----- Dataset excerpts
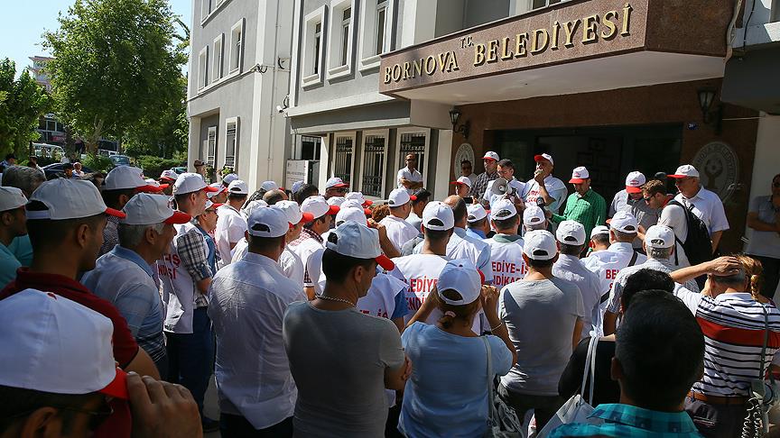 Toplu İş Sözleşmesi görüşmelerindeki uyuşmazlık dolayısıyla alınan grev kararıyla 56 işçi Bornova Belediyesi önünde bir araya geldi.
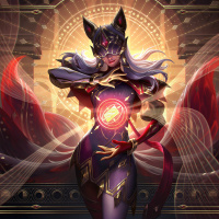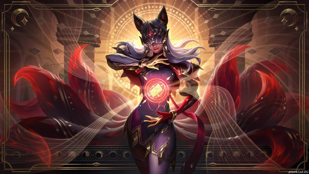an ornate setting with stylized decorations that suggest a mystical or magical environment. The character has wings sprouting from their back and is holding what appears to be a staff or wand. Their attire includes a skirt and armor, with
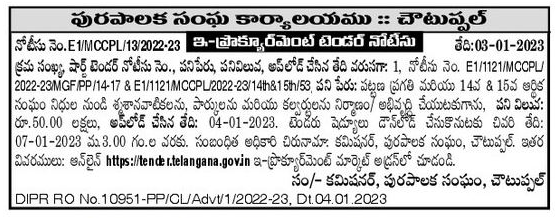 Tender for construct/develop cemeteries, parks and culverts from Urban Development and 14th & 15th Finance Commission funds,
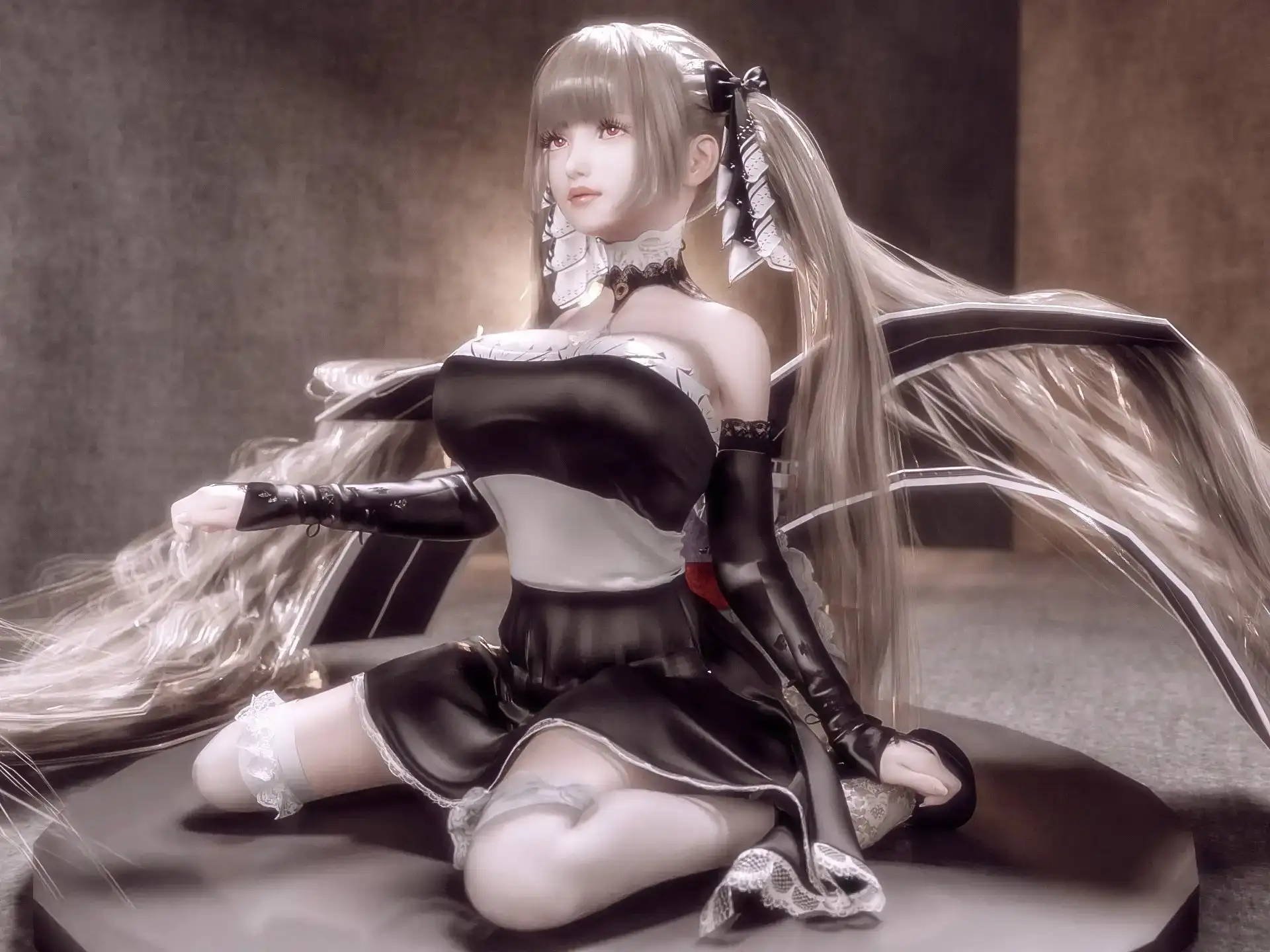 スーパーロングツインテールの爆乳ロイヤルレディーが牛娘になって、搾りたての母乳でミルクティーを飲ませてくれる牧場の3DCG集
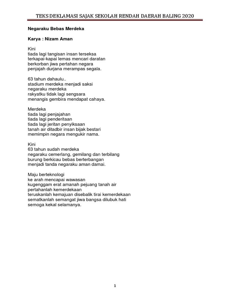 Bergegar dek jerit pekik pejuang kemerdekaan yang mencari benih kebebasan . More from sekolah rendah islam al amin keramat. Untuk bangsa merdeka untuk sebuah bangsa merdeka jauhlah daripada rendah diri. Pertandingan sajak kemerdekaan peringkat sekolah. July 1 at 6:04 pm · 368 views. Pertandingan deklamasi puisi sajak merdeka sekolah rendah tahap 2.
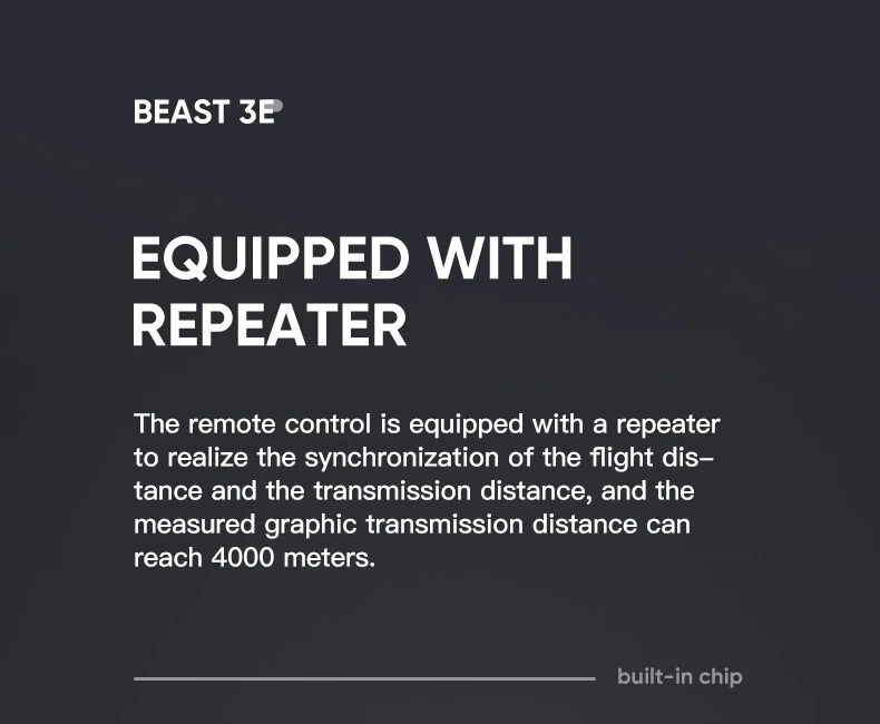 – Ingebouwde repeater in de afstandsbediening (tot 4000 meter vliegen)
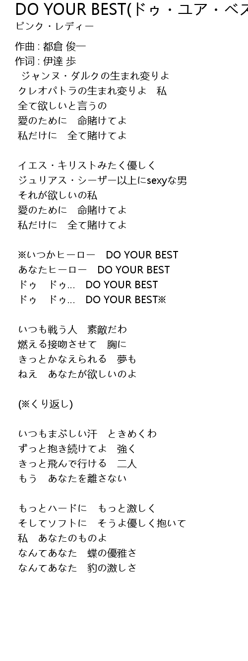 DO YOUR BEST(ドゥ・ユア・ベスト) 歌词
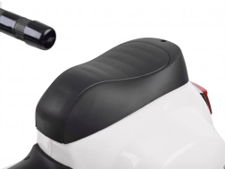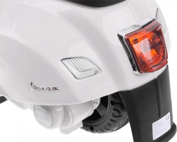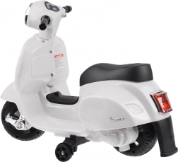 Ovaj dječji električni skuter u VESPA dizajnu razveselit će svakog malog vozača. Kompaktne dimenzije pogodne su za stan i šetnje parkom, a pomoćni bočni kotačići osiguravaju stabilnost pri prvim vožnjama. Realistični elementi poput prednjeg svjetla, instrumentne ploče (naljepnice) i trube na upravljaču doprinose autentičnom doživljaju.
----------
■ What the task asks ■
Reproduce the whole of the data, word for word, and omit its pictures.

■ Expected output ■
 Toplu İş Sözleşmesi görüşmelerindeki uyuşmazlık dolayısıyla alınan grev kararıyla 56 işçi Bornova Belediyesi önünde bir araya geldi.
an ornate setting with stylized decorations that suggest a mystical or magical environment. The character has wings sprouting from their back and is holding what appears to be a staff or wand. Their attire includes a skirt and armor, with
 Tender for construct/develop cemeteries, parks and culverts from Urban Development and 14th & 15th Finance Commission funds,
 スーパーロングツインテールの爆乳ロイヤルレディーが牛娘になって、搾りたての母乳でミルクティーを飲ませてくれる牧場の3DCG集
 Bergegar dek jerit pekik pejuang kemerdekaan yang mencari benih kebebasan . More from sekolah rendah islam al amin keramat. Untuk bangsa merdeka untuk sebuah bangsa merdeka jauhlah daripada rendah diri. Pertandingan sajak kemerdekaan peringkat sekolah. July 1 at 6:04 pm · 368 views. Pertandingan deklamasi puisi sajak merdeka sekolah rendah tahap 2.
 – Ingebouwde repeater in de afstandsbediening (tot 4000 meter vliegen)
 DO YOUR BEST(ドゥ・ユア・ベスト) 歌词
 Ovaj dječji električni skuter u VESPA dizajnu razveselit će svakog malog vozača. Kompaktne dimenzije pogodne su za stan i šetnje parkom, a pomoćni bočni kotačići osiguravaju stabilnost pri prvim vožnjama. Realistični elementi poput prednjeg svjetla, instrumentne ploče (naljepnice) i trube na upravljaču doprinose autentičnom doživljaju.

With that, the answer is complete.